This monograph presents a series of research activities with the goal of determining whether pressure measurement films are a suitable tool for a quantitative assessment of the wheel-rail contact area. Firstly, the effect of influential factors such as geometry, applied load and surface roughness on the resulting imprint was thoroughly examined by means of analytically approachable case studies. This allowed a precise determination of the systematic error that alters experimental outcomes. After that, finite element representations of the measurement procedure were explored in order to characterize the measurement deviation based on mechanical principles. By virtue of the excellent reproducibility of the measurement procedure, as well as the meaningful insight obtained from finite element simulations, an empirically calibrated film model that matches experimental outcomes was developed. This was alternately interposed between wheel and rail models to estimate the measurement error originated under typical operation conditions.
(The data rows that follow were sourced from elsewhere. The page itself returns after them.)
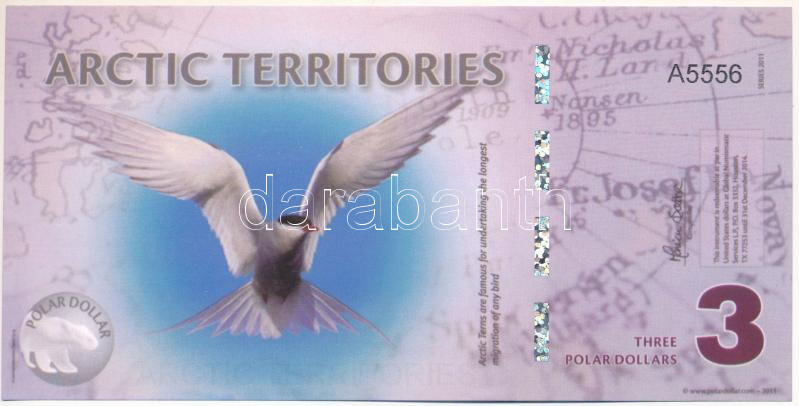 https://www.darabanth.com/en/498-Online-auction/498.0/Numismatics/Worldwide-banknotes~1000103/Sarkvideki-teruletek-2012-3USD-fantazia-bankjegy-A5556-TUNC3Cbr-3E-Arctic-Territories-2012-3-P~II3402422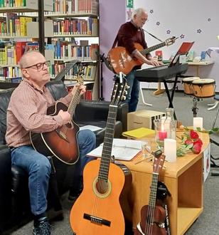 Am Freitag, 15. November, hatte die Volkshochschule Quierschied zu „Wohnzimmermusik & Couchliteratur“ in die Gemeindebücherei Quierschied eingeladen. Das Duo „Salle de séjour“, das sind Udo Grewenig und Günther Adolph, spielte u.a. Songs von Adamo, Beatles, Phil Collins und Sarah Connor in eigenen Interpretationen. Die Leiterin der Bücherei, Annette Bost, hatte besagte Couchliteratur mitgebracht und las aus unterhaltsamen Erzählungen vor. Der Eintritt war frei, doch bei einer Hutsammlung kamen insgesamt rund 370 Euro für das Kinderhospiz Merchweiler zusammen.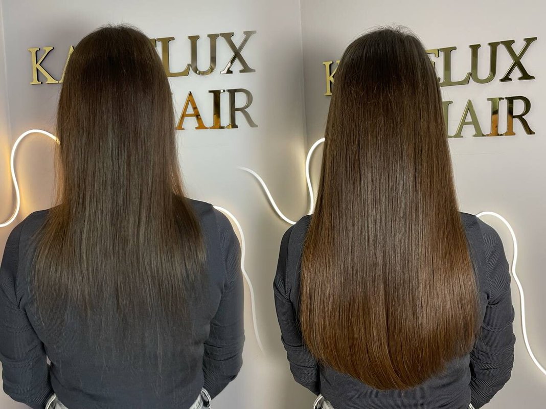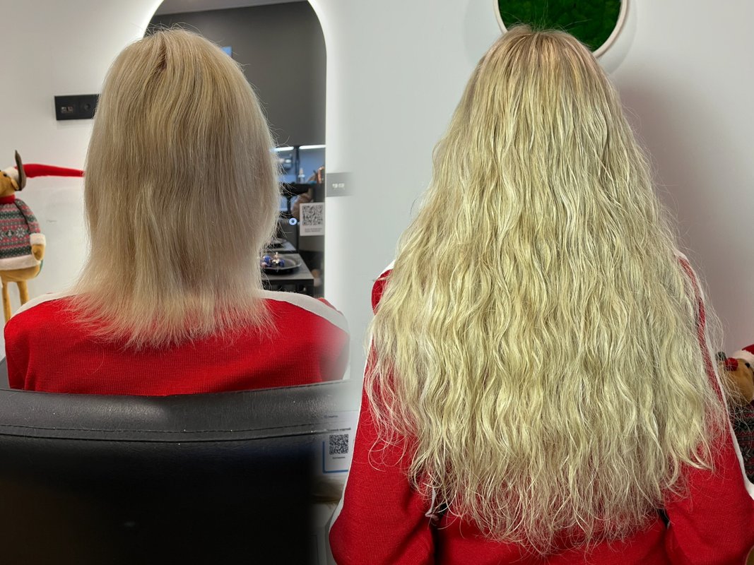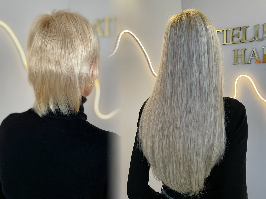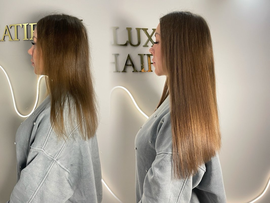 Выполнение работы оказалось качественным, капсулы для наращивания волос получились очень маленькими и аккуратными, практически не видны. Сам процесс наращивания занял около 3-х часов, что вполне комфортно. В студии меня встретили дружелюбно, предложили чай и кофе, что было очень приятно и выдали тапочки для удобства.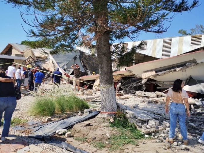 Según los primeros reportes, cuando ocurrió el desplome se encontraban cerca de 100 personas al interior, muchas de ellas permanecen atrapadas.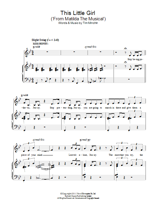 Download or print Tim Minchin This Little Girl (from Matilda The Musical) sheet music, chords and digital score arranged for Piano & Vocal. This Musical/Show score includes 3 page(s).

The results underline the marked dependence of the measurement error on surface roughness but foresee a robust and reliable use of pressure measurement films for validation of wheel-rail contact models as long as both numerical and experimental solutions represent the same reality of interest.
Error Estimation in Wheel-Rail Normal Contact Area Measurements Using Pressure Sensitive Film
Pressure measurement films are an efficient tool to validate the shape and size of wheel-rail contact patches predicted by numerical simulations. However, accurate measurements are only possible if the alteration caused by the presence of the film between contact partners is considered. This work investigates the effect of several influential factors on the resulting deviation and presents a procedure to estimate the measurement error in wheel-rail contact.